Orange oil is extracted by simple pressure from the outer coloured part of the Citrus sinensis' peel. Oranges are widely cultivated in tropical and subtropical climates for the sweet fruit and commercially for essential oil extraction.
Orange oil is a by-product of the juice industry. Oil is cold pressed from the peel of the fruit, after juice extraction and is widely used across the flavour and fragrance industry. Sweet orange (citrus sinensis) is around 90% d’limonene, a product used across many more industries. Approximately 40% of global oranges are processed for juice and oil with 60% solely used as a fresh fruit for consumption.
Brazil has the largest production of fresh oranges and also it processes more orange than any other country making it the largest producer of orange oil and d’limonene (orange terpenes) in the world. Harvesting can be almost 12 months of the year due to the widespread distribution of plantations, however it is unusual for any significant production during February – April. Therefore we usually consider May - December as a typical harvesting period.
Brazilian oranges make up for around 34% of the world market – approximately 17 million tons+/- from a global estimate of 50 million tons +/- of fresh fruit. The Brazilian state of São Paulo contributes around 80% of the country’s production figures.
It's been a challenging time of late for the world's largest producing country and they're forecasting a sharp reduction of 18.3% in the total 2016/17 crop. To read more about today's conditions click here.
You may have recently read in our Market reports details of the challenges faced by the industry due to Citrus Greening. Click here for more details of the global impact of this wide spreading disease.
The USDA forecast for the new Brazilian crop for year beginning July 2019 is estimated at 435 million boxes. This is a marked improvement, representing an increase of 50 million boxes or an increase of 13% compared to the current year, 2018-19. These are general estimates, and a better indication will be available by the end of March since the current orange season closure is June 2019. The recovery of citrus trees and favourable weather patterns are the main reasons behind the improved forecast. The current crop estimate has been revised downward from 393 to 385 million boxes. This is because the fruit size is smaller and there was above-average droppage in the key growing areas. This crop was stretched with some fruit coming in from the second and third blooming. The disappointing aspect was that the extra fruit did not meet required specifications and consequently, orange oil production fell short of original projections.

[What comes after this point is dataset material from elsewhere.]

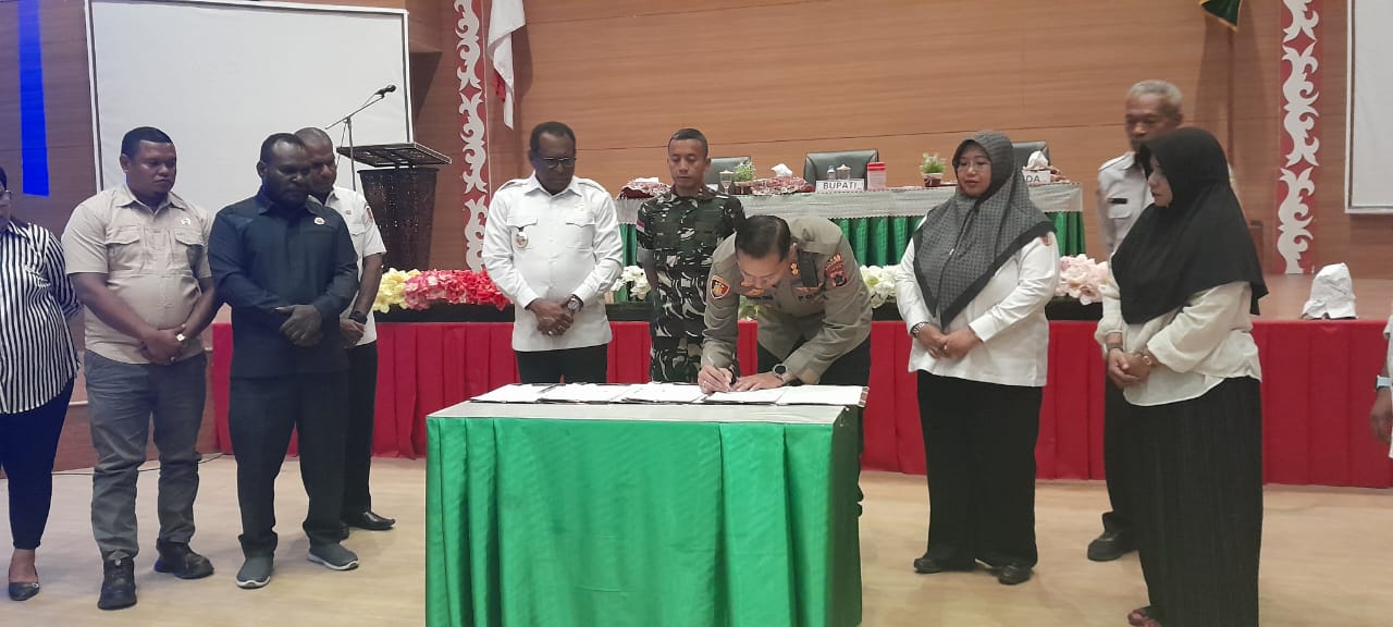 Pemkab Merauke Lakukan PKS Bersama TNI-Polri Tentang Pendampingan Satuan Pendidikan

The research group Fundecitrus, which represents Brazil’s largest orange processors, reported the 2018-19 crop in the two main regions of São Paulo and Minas Gerais of 285 million boxes (of 40.6 kg each), a reduction of 30% from the 2017-18 crop, Meanwhile the USDA zeroed in on 280 million boxes. Though the crop has been markedly smaller, the trees have experienced less stress and are in good health to produce more fruit. The weather was conducive, with adequate rains and ideal soil moisture during the blossoming period. Considering these favourable factors, USDA predicts a very good crop rising to 330 million boxes. Hopes for a better crop are being pinned on the next season, which will begin in July 2019.
According to CitrusBR, Brazilian orange juice production should total just 874,000 MT in the 2018-19 crop year that ends in June, a 27.5% decline from the previous season, although industrial yield was better than the previous year. Most of the big players have already finished processing and are now involved in the preparatory maintenance for next season. January brought in some exceedingly high temperatures in the citrus belts, and this affected the processing pace considerably. Excessive rains followed this during the last week of processing. Consequently the numbers for fruit crushing were greatly reduced. The market believes that global Brazilian orange juice inventories will tighten by the end of this season in June 2019.

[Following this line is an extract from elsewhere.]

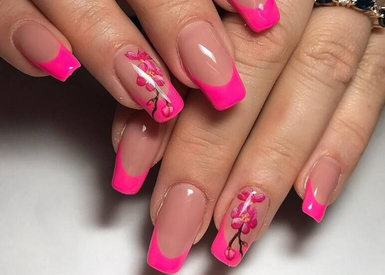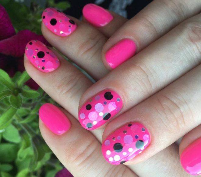 Яркий маникюр с рисунками неоново-розового цвета

With regard to orange processing, the USDA estimates that 264 million boxes will be processed during 2018-19, compared with 395 million boxes in 2017-18. The preliminary estimate for 2019-20 is 313 million boxes based on the substantial forecast growth in orange production. Brazil dominates global orange juice exports but faces the challenge of falling global demand alongside increased international competition from countries such as Mexico. The higher production forecast has led to a softening of both orange oil and terpene prices, which are at their lowest for 5 years. Demand for both orange terpenes and d’limonene has fallen, in part because of substitution of dipentene in certain end uses as well as efforts to reduce dependence on d’limonene because of its price volatility and reduced supply over recent years.